Lotta alla criminalità
A Napoli niente tasse
per chi denuncia il pizzo
Pubblicato il 24-09-2014


Napoli-tasse-pizzoNapoli è la città che vuole essere ricordato per la pizza, non per il pizzo. A Napoli è stata avanzata dal sindaco De Magistris la proposta di esentare dalle tasse per tre anni i cittadini, operatori economici e imprenditori vittime di racket o di usura che denunciano comportamenti criminosi “ascrivibili ai reati di estorsione ed usura, verificatisi nell’ambito del territorio comunale”. Il beneficio verrà attribuito dal momento in cui viene emessa una sentenza di condanna in primo grado nei confronti dei denunciati e la norma è stata elaborata dagli assessori alla Cultura, Nino Daniele, e allo Sviluppo, Enrico Panini per dare attuazione alla previsione contenuta nel bilancio attualmente all’esame dell’aula.
“Si tratta di un principio rivoluzionario: attraverso il riconoscimento di un incentivo economico, infatti, si cerca di favorire la denuncia di odiosi reati come racket e usura” dice de Magistris. Il sindaco sottolinea che attraverso il provvedimento “si invia anche un segnale di vicinanza istituzionale ai cittadini onesti e coraggiosi”.

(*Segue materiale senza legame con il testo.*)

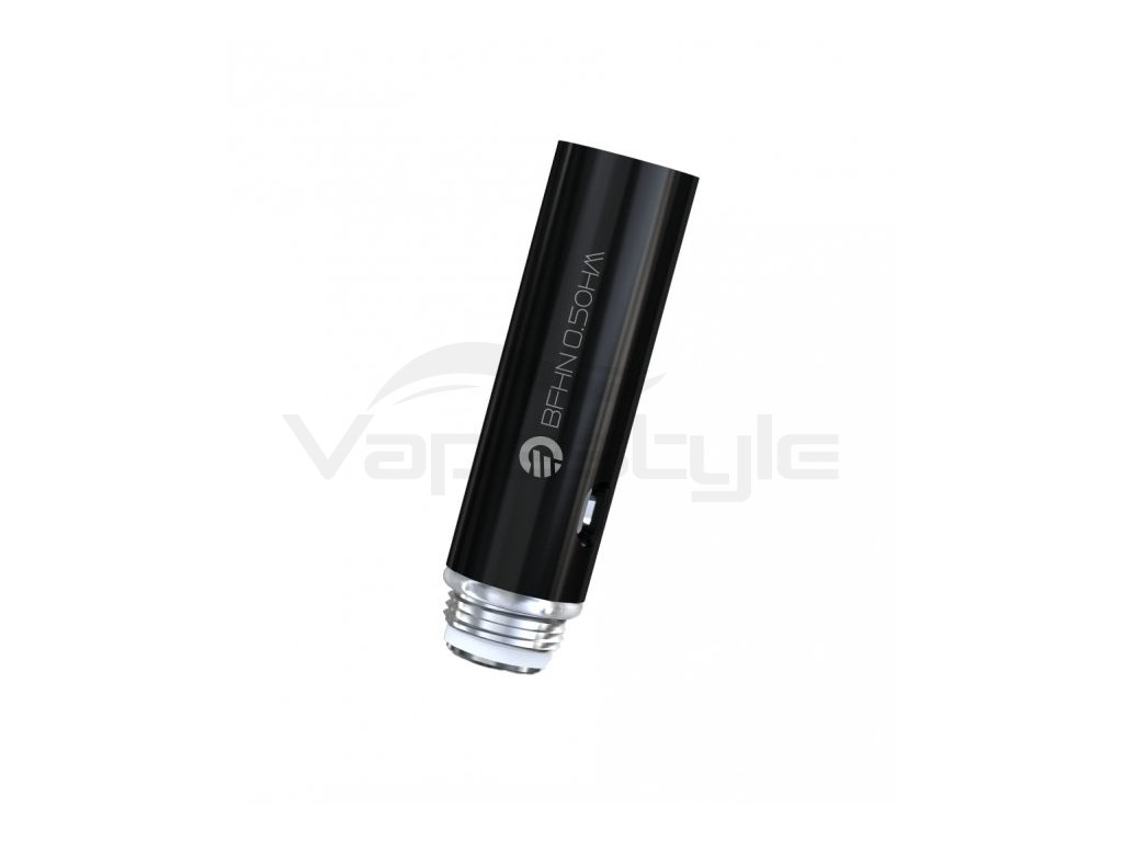 Náhradní žhavící tělísko BFHN nabízí odpor 0,5 ohm. V jádru se nachází jedna spirálka pro jemné podání chuti a příjemnou kouřivost. Tělísko je konstrukčně navrženo pro co nejvýraznější podání chuti. Výborné snáší i silnější náplně s vysokým obsahem nikotinu. Je schopné pracovat s e-liquidy se 60% podílem PG složky. Tělísko BFHN je určeno pro klasické šlukování (MTL).

Non è comunque la prima istituzione a stabilire una sinergie di forze contro la Malavita. Il 29 ottobre 2009 la Provincia di Roma istituì un fondo a favore dei Comuni che detassano le vittime di usura o del racket, su proposta avanzata dall’allora assessore alla Tutela del consumatore e lotta all’usura, Serena Visintin. Dieci gli enti locali interessati: Civitavecchia, Ariccia, Allumiere, Anticoli Corrado, Morlupo, Frascati, Tivoli, Valmontone, Pomezia e Palestrina.

Anche Reggio Calabria ha fatto un’iniziativa analoga e nel 2012 fu la Camera di Commercio di Reggio Calabria a stabilire che “le imprese che non si piegheranno al racket saranno esentate dal pagamento del diritto annuale”.